[Exercise aim]
In the listing below, find the line with "- Users can" and the line with "小样制作版连点器6.0是一款", then return them and every line between them exactly, minus the pictures.

[Given information]
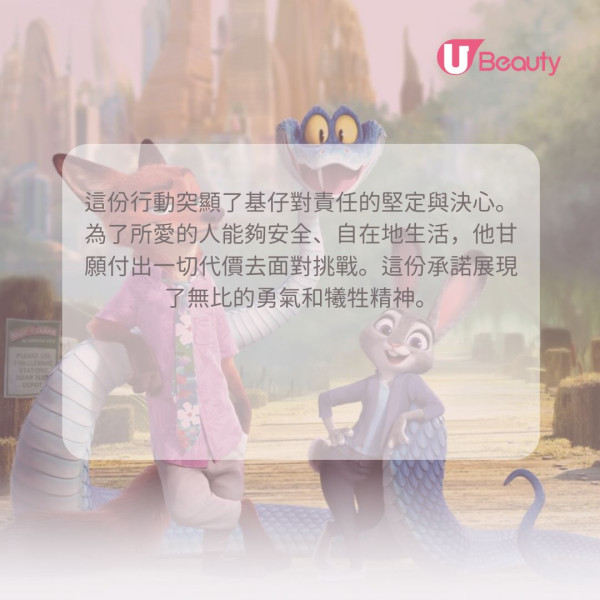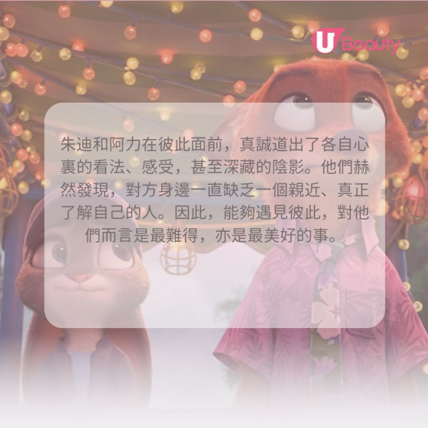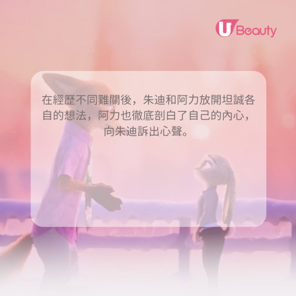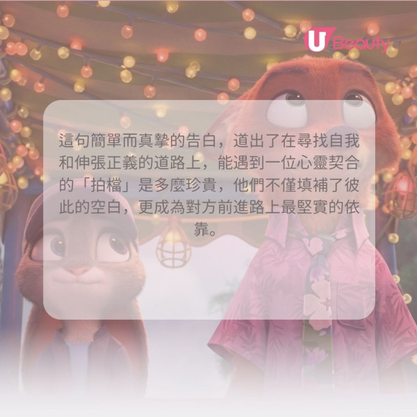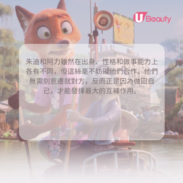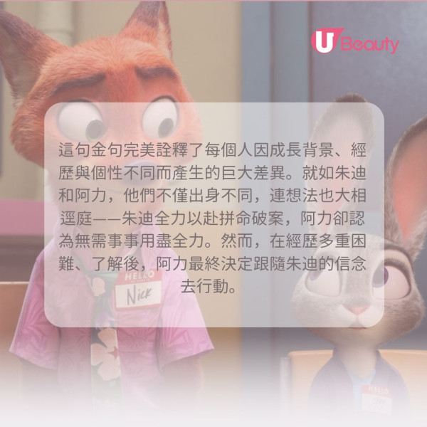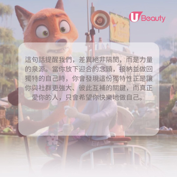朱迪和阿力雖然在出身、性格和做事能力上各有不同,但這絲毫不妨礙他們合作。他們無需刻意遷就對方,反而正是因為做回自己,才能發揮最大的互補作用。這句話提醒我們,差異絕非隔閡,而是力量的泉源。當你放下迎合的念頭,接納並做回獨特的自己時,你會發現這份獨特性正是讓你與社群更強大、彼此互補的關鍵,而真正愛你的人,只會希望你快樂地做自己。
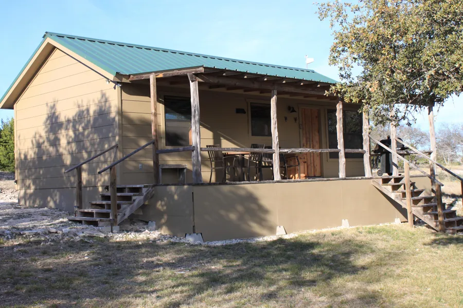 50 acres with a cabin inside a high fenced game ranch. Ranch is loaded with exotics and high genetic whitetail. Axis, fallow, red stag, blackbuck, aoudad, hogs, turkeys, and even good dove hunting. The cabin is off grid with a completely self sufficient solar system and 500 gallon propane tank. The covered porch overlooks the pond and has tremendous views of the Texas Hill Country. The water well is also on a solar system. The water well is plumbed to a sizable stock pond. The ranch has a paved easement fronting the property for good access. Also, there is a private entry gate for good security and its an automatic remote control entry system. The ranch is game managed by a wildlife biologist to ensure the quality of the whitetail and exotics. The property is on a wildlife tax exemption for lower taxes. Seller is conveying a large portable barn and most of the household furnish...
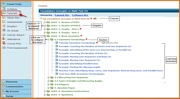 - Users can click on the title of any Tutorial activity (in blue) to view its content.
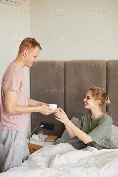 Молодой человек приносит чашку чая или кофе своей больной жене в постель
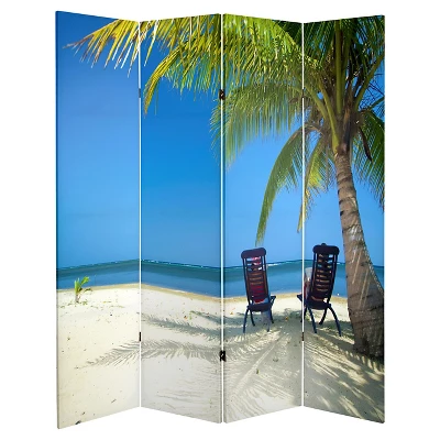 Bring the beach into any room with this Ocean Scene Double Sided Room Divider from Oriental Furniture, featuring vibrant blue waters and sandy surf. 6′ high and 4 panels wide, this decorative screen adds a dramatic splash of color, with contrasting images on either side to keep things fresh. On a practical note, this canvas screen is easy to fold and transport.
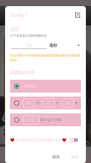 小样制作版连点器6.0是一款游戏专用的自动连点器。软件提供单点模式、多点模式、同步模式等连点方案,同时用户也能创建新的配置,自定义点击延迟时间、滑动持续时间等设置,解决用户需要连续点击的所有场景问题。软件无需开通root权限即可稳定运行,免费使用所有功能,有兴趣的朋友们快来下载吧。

==

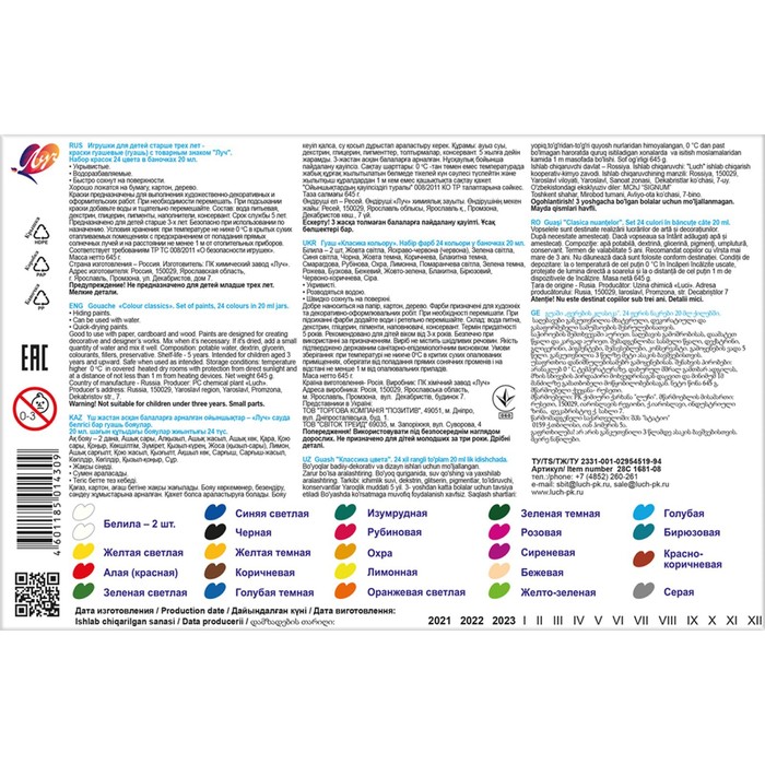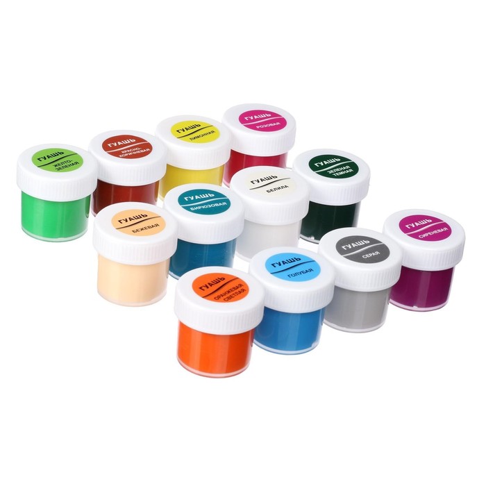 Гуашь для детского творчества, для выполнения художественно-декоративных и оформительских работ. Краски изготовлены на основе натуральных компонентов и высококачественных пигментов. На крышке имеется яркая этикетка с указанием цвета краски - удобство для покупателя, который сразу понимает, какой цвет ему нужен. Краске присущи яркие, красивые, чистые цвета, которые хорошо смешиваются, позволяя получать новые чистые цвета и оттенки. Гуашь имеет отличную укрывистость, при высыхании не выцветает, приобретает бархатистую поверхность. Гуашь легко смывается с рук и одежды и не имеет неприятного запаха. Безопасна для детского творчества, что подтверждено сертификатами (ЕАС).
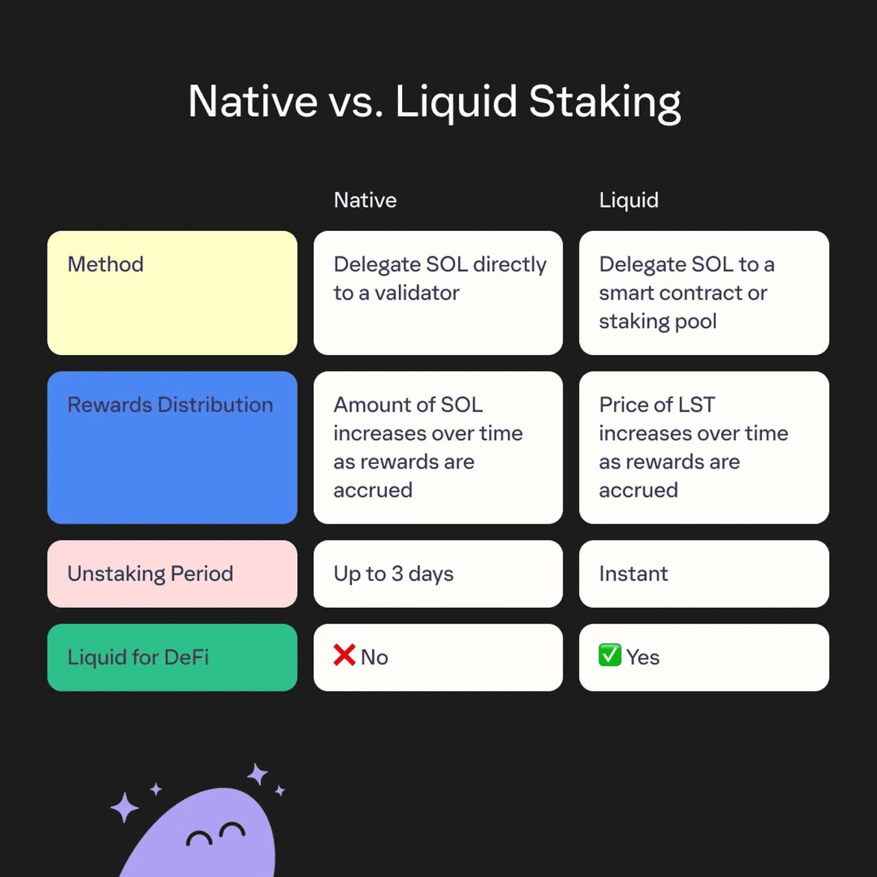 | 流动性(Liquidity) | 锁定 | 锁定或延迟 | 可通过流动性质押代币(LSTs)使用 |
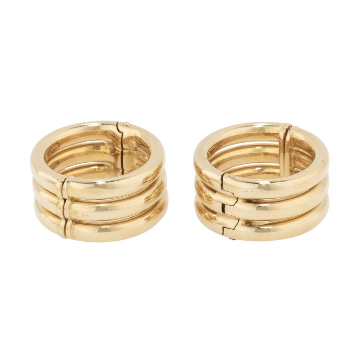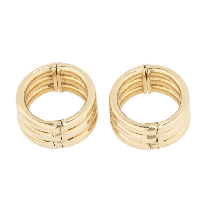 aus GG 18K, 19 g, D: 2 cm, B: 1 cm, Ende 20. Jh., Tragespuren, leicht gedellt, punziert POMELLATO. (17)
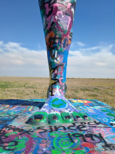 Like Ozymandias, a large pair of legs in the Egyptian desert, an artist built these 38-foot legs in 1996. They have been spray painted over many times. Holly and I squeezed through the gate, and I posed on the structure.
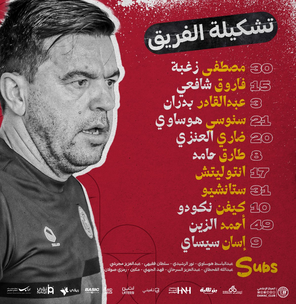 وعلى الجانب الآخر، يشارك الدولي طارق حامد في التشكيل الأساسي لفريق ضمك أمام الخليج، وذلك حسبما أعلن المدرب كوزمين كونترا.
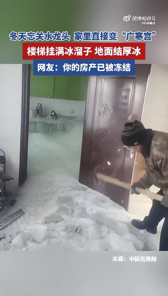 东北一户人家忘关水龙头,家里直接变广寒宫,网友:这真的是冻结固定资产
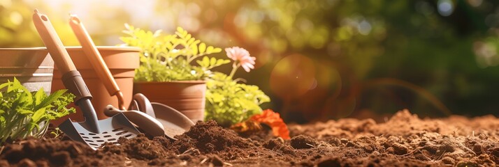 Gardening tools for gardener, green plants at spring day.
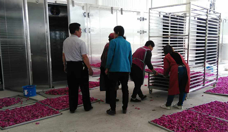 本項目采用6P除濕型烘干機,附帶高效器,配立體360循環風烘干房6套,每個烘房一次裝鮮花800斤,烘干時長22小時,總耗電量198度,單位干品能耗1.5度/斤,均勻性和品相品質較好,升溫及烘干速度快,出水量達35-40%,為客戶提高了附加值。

* * *

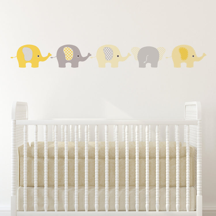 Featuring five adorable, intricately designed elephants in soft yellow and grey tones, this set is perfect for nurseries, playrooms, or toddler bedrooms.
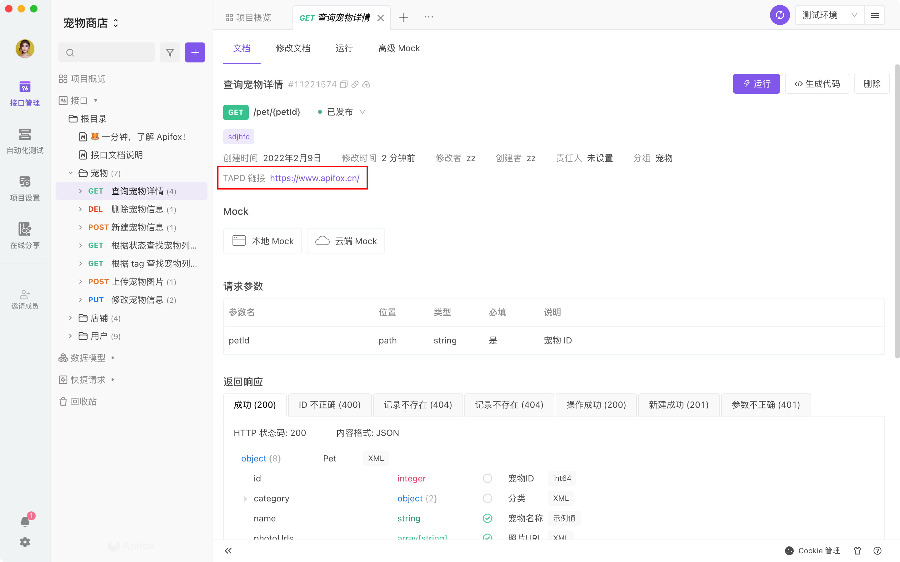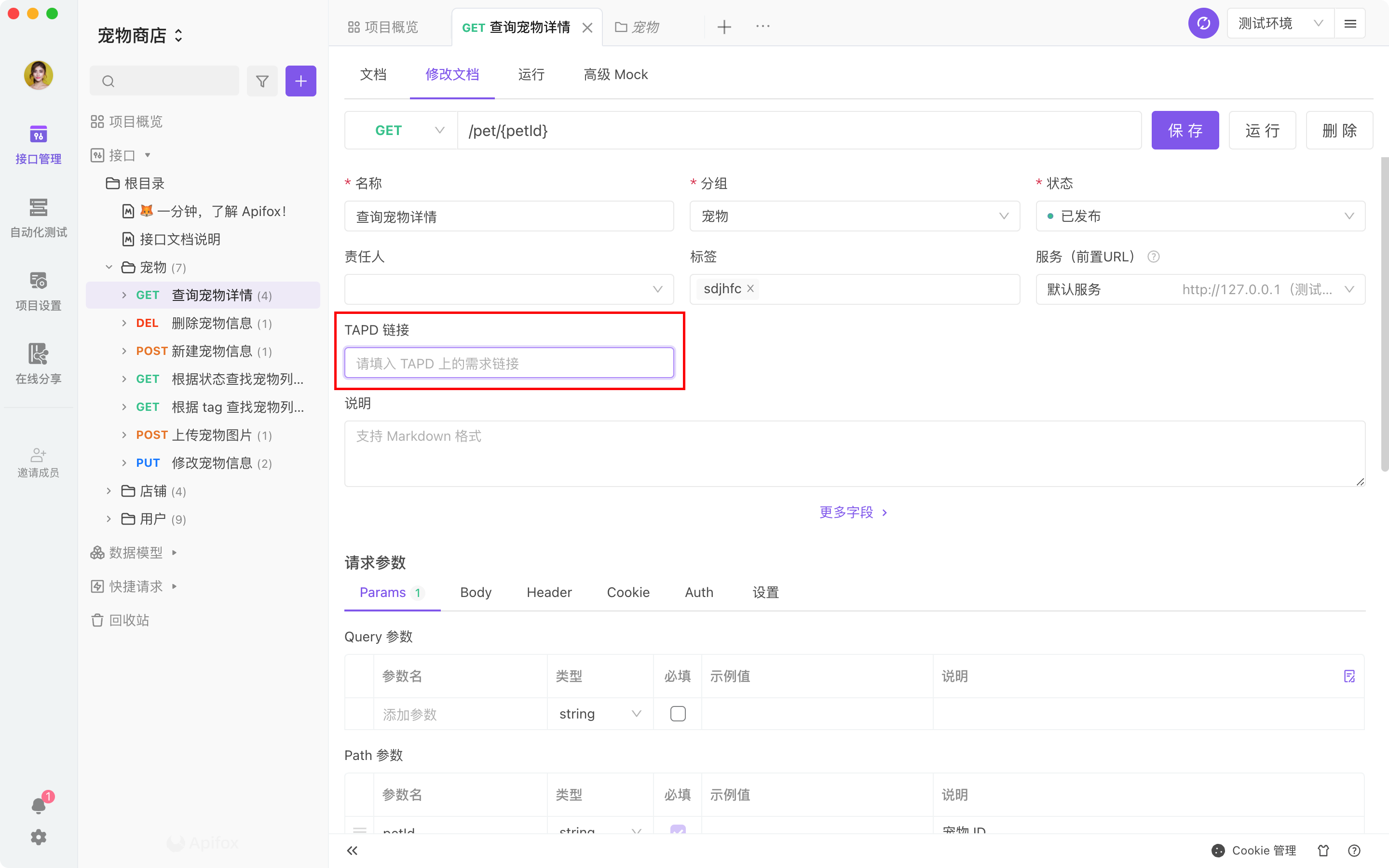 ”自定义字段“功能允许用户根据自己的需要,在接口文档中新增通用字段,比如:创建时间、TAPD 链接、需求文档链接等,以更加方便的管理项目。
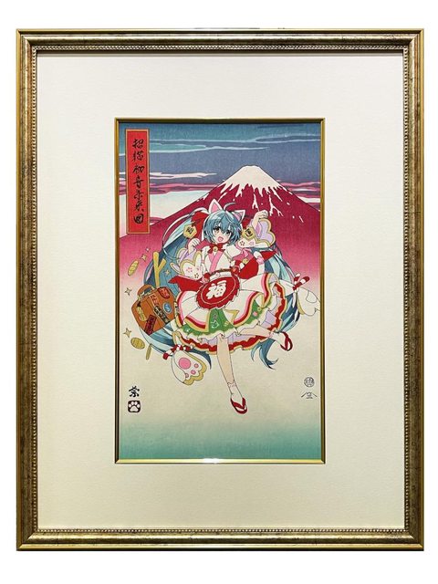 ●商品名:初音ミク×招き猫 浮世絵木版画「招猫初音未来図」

[Your solution]
 - Users can click on the title of any Tutorial activity (in blue) to view its content.
 Молодой человек приносит чашку чая или кофе своей больной жене в постель
 Bring the beach into any room with this Ocean Scene Double Sided Room Divider from Oriental Furniture, featuring vibrant blue waters and sandy surf. 6′ high and 4 panels wide, this decorative screen adds a dramatic splash of color, with contrasting images on either side to keep things fresh. On a practical note, this canvas screen is easy to fold and transport.
 小样制作版连点器6.0是一款游戏专用的自动连点器。软件提供单点模式、多点模式、同步模式等连点方案,同时用户也能创建新的配置,自定义点击延迟时间、滑动持续时间等设置,解决用户需要连续点击的所有场景问题。软件无需开通root权限即可稳定运行,免费使用所有功能,有兴趣的朋友们快来下载吧。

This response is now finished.